The ever-increasing size and accessibility of vast media libraries has created a demand more than ever for AI-based systems that are capable of organizing, recommending, and understanding such complex data.

While this topic has received only limited attention within the core machine learning community, it has been an area of intense focus within the applied communities such as the Recommender Systems (RecSys), Music Information Retrieval (MIR), and Computer Vision communities. At the same time, these domains have surfaced nebulous problem spaces and rich datasets that are of tremendous potential value to machine learning and the AI communities at large.

This year's Machine Learning for Media Discovery (ML4MD) aims to build upon the five previous Machine Learning for Music Discovery editions at ICML, broadening the topic area from music discovery to media discovery. The added topic diversity is aimed towards having a broader conversation with the machine learning community and to offer cross-pollination across the various media domains.

One of the largest areas of focus in the media discovery space is on the side of content understanding. The recommender systems community has made great advances in terms of collaborative feedback recommenders, but these approaches suffer strongly from the cold-start problem. As such, recommendation techniques often fall back on content-based machine learning systems, but defining the similarity of media items is extremely challenging as myriad features all play some role (e.g., cultural, emotional, or content features, etc.). While significant progress has been made, these problems remain far from solved.

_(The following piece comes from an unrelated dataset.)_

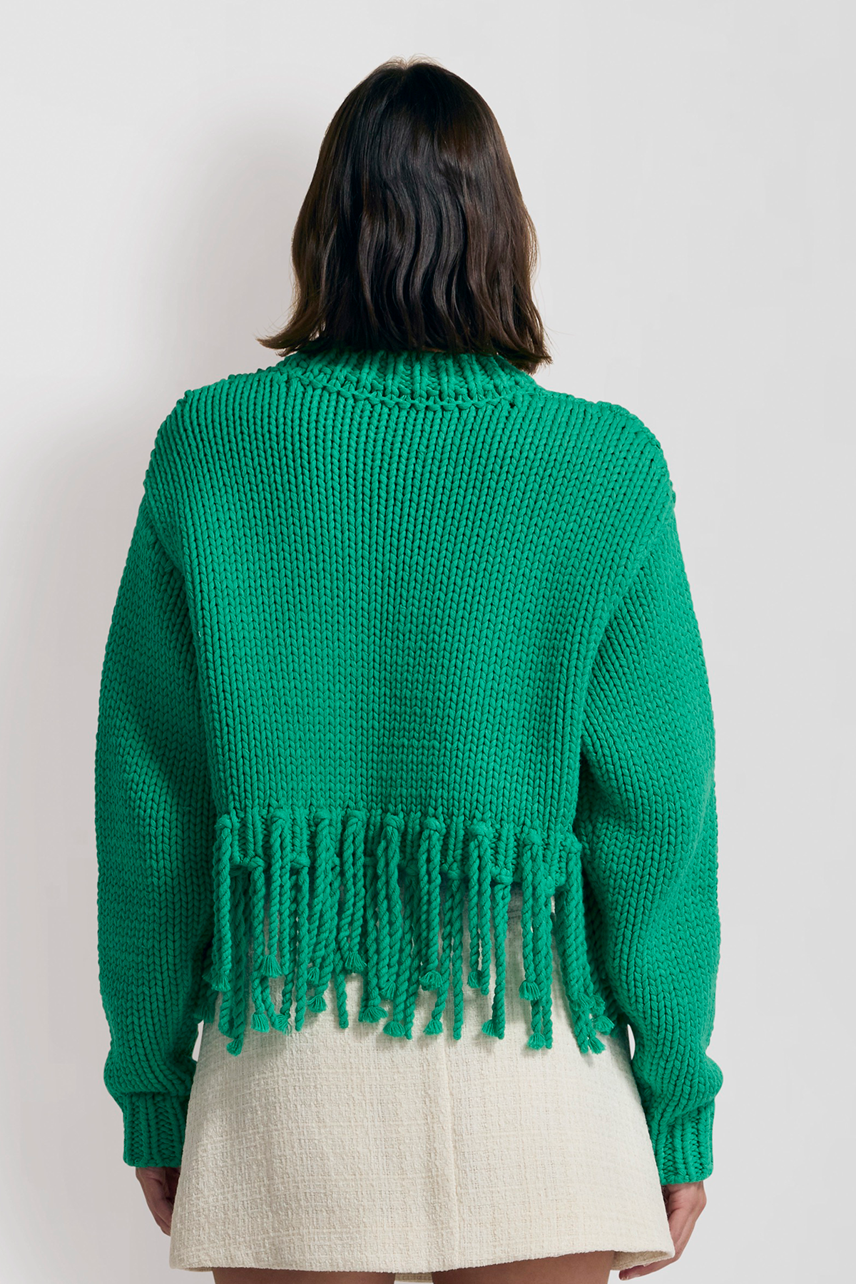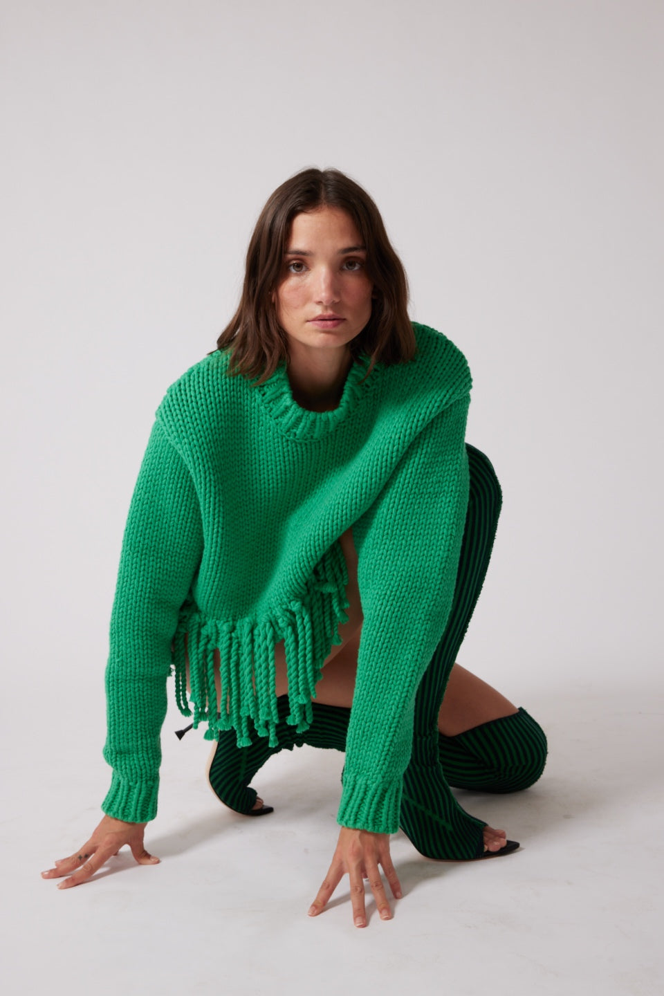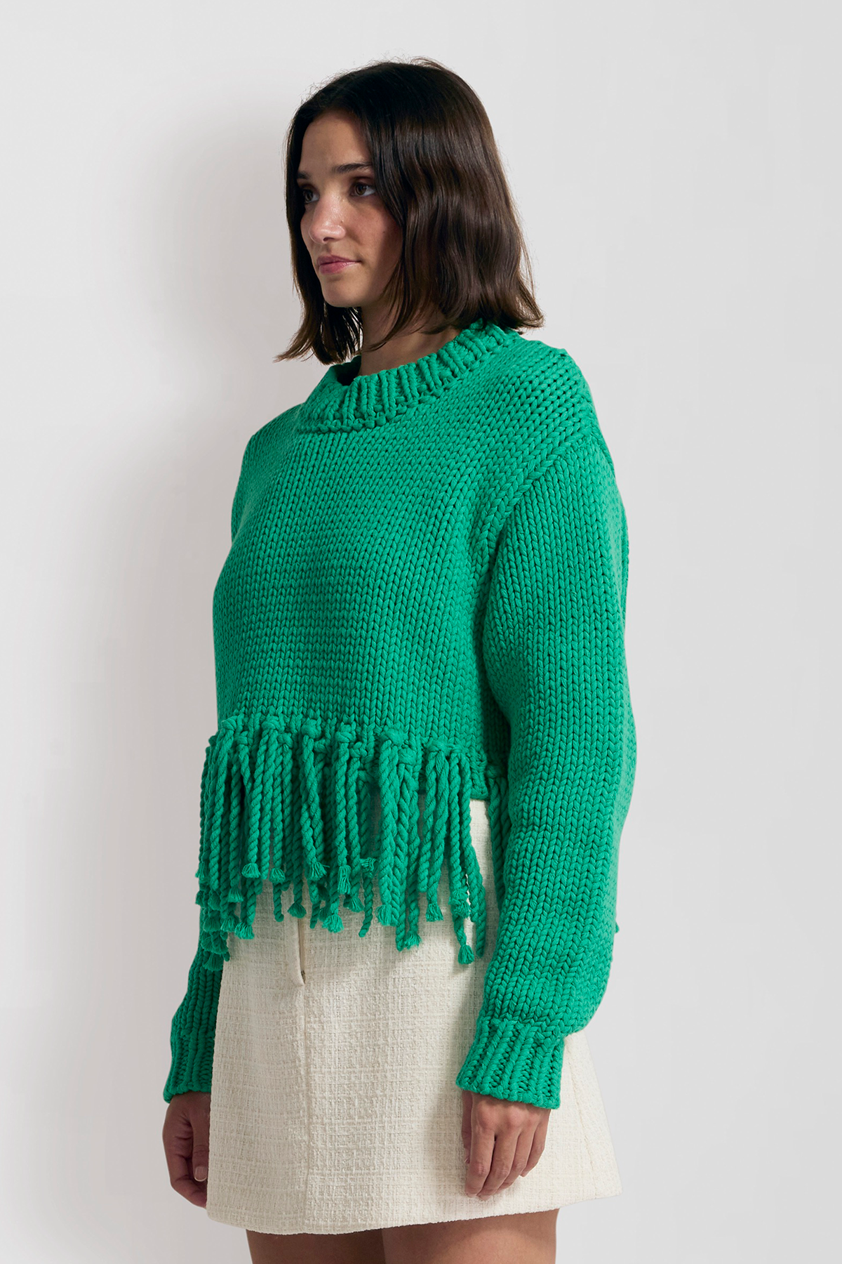 Bold and fun, the Verde Fringe Knit is uniquely TWG. Featuring a playful fringed hemline, with ribbed sleeve and neck hems. The Verde Fringe Knit will brighten up any winter wardrobe. Stand out from the crowd in this statement knit for easy weekday to weekend wear.

In addition, these complex data present many challenges beyond the development of machine learning systems to model and understand them. One of the largest challenges is scale. One example is commercial music libraries, which span into the tens of millions. However, user-generated content platforms such as YouTube and Pinterest have libraries stretching into the billions--a scale at which many of the traditional approaches discussed in the literature simply cannot perform.

On the other side of this problem sits the recent explosion of work in the area of Creative AI. Relevant examples include Google Magenta, Amazon's DeepComposer, who seek to develop algorithms capable of composing and performing completely original (and compelling) works of music. The same also happens in the world of visual media creation (e.g., DeepDream, Deep Fakes). Certain work in this area adds an interesting dimension to the conversation as understanding how content is created is a prerequisite to generating.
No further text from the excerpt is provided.